### [TASK PROMPT]
I'd like an exact copy of only the lines from the start of the listing below through the line that holds "Последни новини - гинеколожката". Please keep the pictures out.

### [PROVIDED RECORDS]
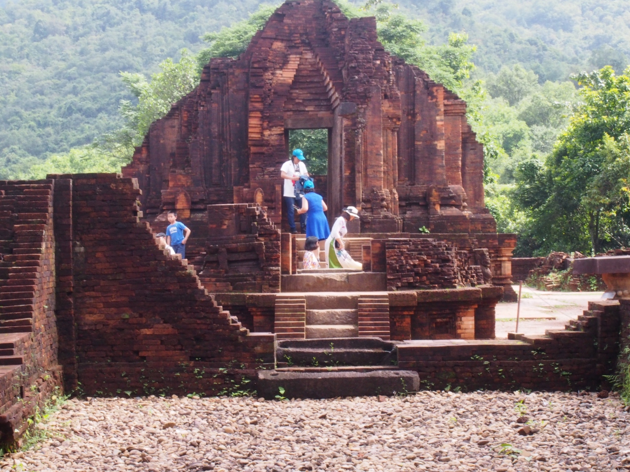 ホイアン郊外にあるベトナム中部に栄えたチャンパ王国の聖地に築かれた遺跡です。チャンパ王国の文化はクメール王朝のアンコール遺跡の影響を強く受けています。遺跡の建造物はアンコール遺跡のものとよく似ています。アンコール遺跡が砂岩やラテライトで造られていますが、ミーソンの場合は煉瓦で造られています。そのために外観の彫刻などはほとんどありません。ベトナム戦争での爆撃地になったために、遺跡の3分の2は破壊されてしまいました。現在は修復中のようです。
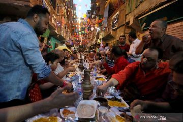 FOTO ARSIP: Warga kampung Ezbet Hamada di Distrik Mataria berkumpul saat menyantap makanan berbuka puasa di bulan suci Ramadhan di Kairo, Mesir, Senin (20/5/2019). ANTARA FOTO/REUTERS/Mohamed Abd El Ghany/Foto Arsip/wsj.
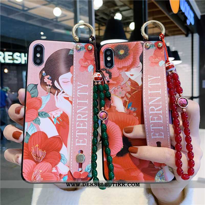 Deksel iPhone Xs Beskyttelse Støtte Anti-fall Kinesisk Stil Rød, Etui iPhone Xs Hengende Ornamenter
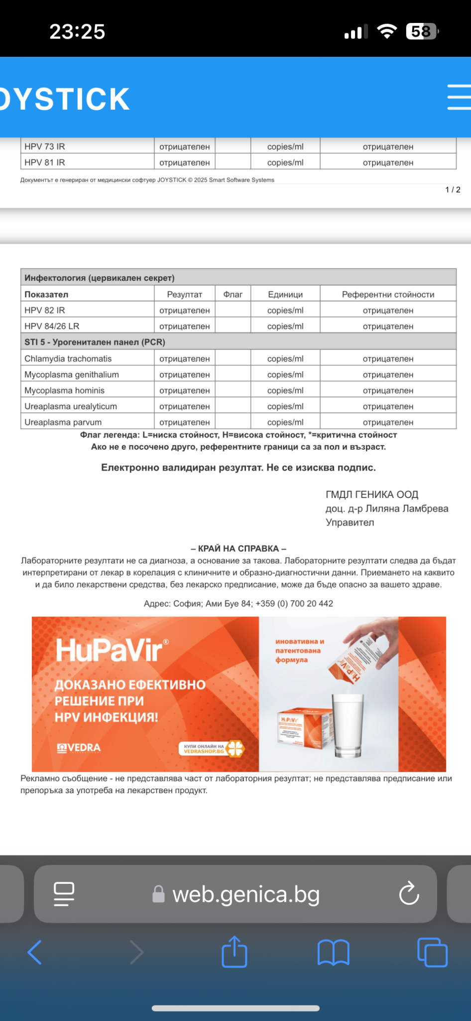 Последни новини - гинеколожката ми каза, че щом резултатите от Геника са отрицателни това значи, че в някакъв момент организмът ми е преборил вируса, нямало нужда от допълнителни прегледи и изследвания сега, чак след 6 месеца. Не я попитах за Хупавира, защото според мен не може да ми даде адекватно мнение при положение, че приятелят ми изобщо не е тестван (лечението е и за двамата). Във вторник сме на дерматолог и двамата и все пак искам мнение има ли някоя, която е взимала имуностимуланти при отрицателен тест, но при наличие на кондиломи?
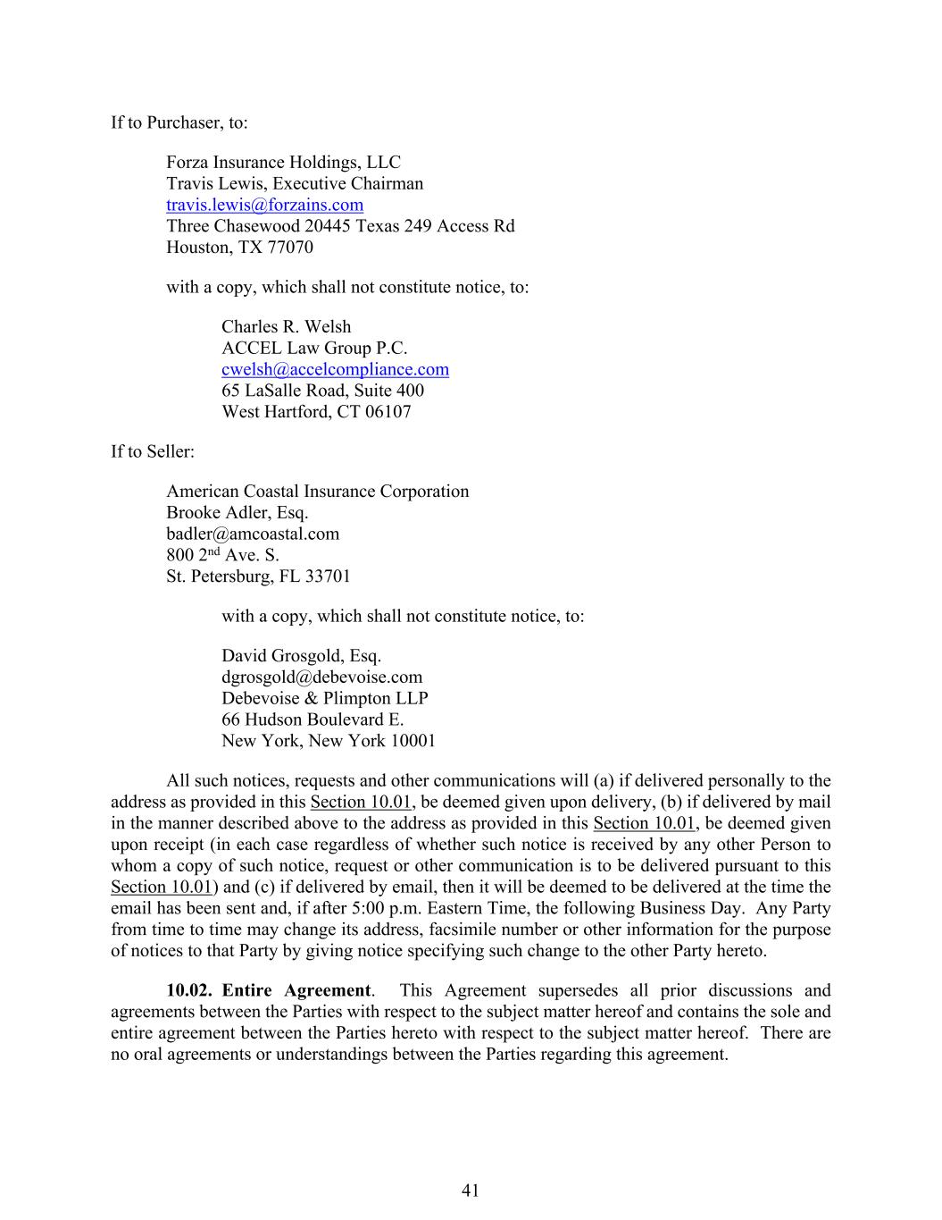 41 If to Purchaser, to: Forza Insurance Holdings, LLC Travis Lewis, Executive Chairman travis.lewis@forzains.com Three Chasewood 20445 Texas 249 Access Rd Houston, TX 77070 with a copy, which shall not constitute notice, to: Charles R. Welsh ACCEL Law Group P.C. cwelsh@accelcompliance.com 65 LaSalle Road, Suite 400 West Hartford, CT 06107 If to Seller: American Coastal Insurance Corporation Brooke Adler, Esq. badler@amcoastal.com 800 2nd Ave. S. St. Petersburg, FL 33701 with a copy, which shall not constitute notice, to: David Grosgold, Esq. dgrosgold@debevoise.com Debevoise & Plimpton LLP 66 Hudson Boulevard E. New York, New York 10001 All such notices, requests and other communications will (a) if delivered personally to the address as provided in this Section 10.01, be deemed given upon delivery, (b) if delivered by mail in the manner described above to the address as provided in this Section 10.01, be deemed given upon receipt (in each case regardless of whether such notice is received by any other Person to whom a copy of such notice, request or other communication is to be delivered pursuant to this Section 10.01) and (c) if delivered by email, then it will be deemed to be delivered at the time the email has been sent and, if after 5:00 p.m. Eastern Time, the following Business Day. Any Party from time to time may change its address, facsimile number or other information for the purpose of notices to that Party by giving notice specifying such change to the other Party hereto. 10.02. Entire Agreement. This Agreement supersedes all prior discussions and agreements between the Parties with respect to the subject matter hereof and contains the sole and entire agreement between the Parties hereto with respect to the subject matter hereof. There are no oral agreements or understandings between the Parties regarding this agreement.
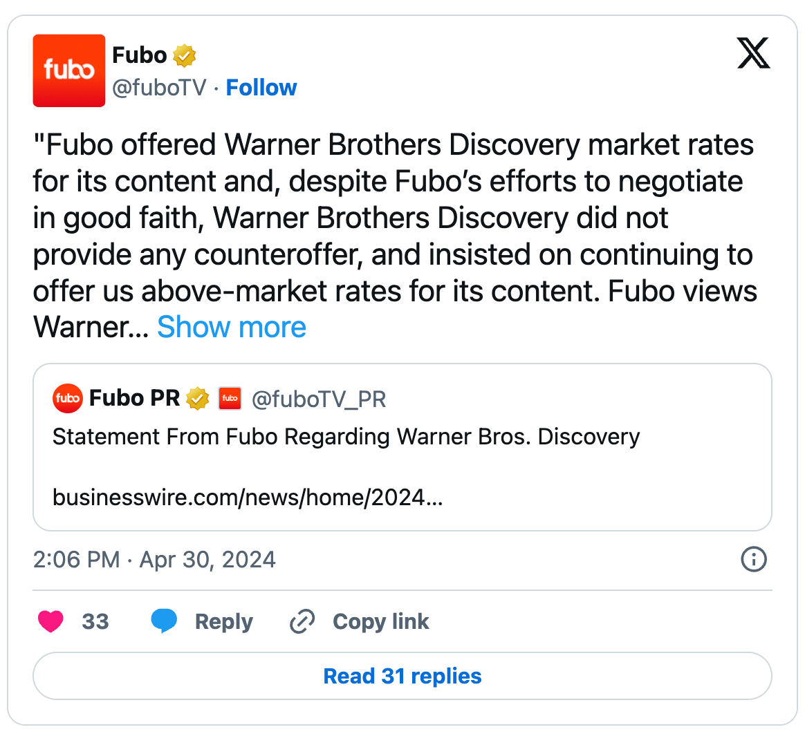 🏈📺 Fubo Ditches Warner Bros. Discovery Deal: FuboTV, the sports-focused streaming service, has just pulled the plug on its content deal with Warner Bros. Discovery, citing "abuse of massive market power" and a lack of "good faith negotiations." They claim Warner Bros. insisted on offering Fubo above-market rates for its popular networks like Discovery, HGTV, and Food Network, not to mention the coveted sports content from TNT, TBS, and truTV. Fubo argued that this stance not only hiked prices for consumers but also stifled choice by bundling sports with other content, contrary to consumer interests in more tailored, cost-effective packages. Warner Bros. Discovery, for its part, says it’s still open to working things out. But with Fubo yanking their networks and whispers of legal action in the air, the industry waits to see what happens.

### [ANSWER SPACE]
 ホイアン郊外にあるベトナム中部に栄えたチャンパ王国の聖地に築かれた遺跡です。チャンパ王国の文化はクメール王朝のアンコール遺跡の影響を強く受けています。遺跡の建造物はアンコール遺跡のものとよく似ています。アンコール遺跡が砂岩やラテライトで造られていますが、ミーソンの場合は煉瓦で造られています。そのために外観の彫刻などはほとんどありません。ベトナム戦争での爆撃地になったために、遺跡の3分の2は破壊されてしまいました。現在は修復中のようです。
 FOTO ARSIP: Warga kampung Ezbet Hamada di Distrik Mataria berkumpul saat menyantap makanan berbuka puasa di bulan suci Ramadhan di Kairo, Mesir, Senin (20/5/2019). ANTARA FOTO/REUTERS/Mohamed Abd El Ghany/Foto Arsip/wsj.
 Deksel iPhone Xs Beskyttelse Støtte Anti-fall Kinesisk Stil Rød, Etui iPhone Xs Hengende Ornamenter
 Последни новини - гинеколожката ми каза, че щом резултатите от Геника са отрицателни това значи, че в някакъв момент организмът ми е преборил вируса, нямало нужда от допълнителни прегледи и изследвания сега, чак след 6 месеца. Не я попитах за Хупавира, защото според мен не може да ми даде адекватно мнение при положение, че приятелят ми изобщо не е тестван (лечението е и за двамата). Във вторник сме на дерматолог и двамата и все пак искам мнение има ли някоя, която е взимала имуностимуланти при отрицателен тест, но при наличие на кондиломи?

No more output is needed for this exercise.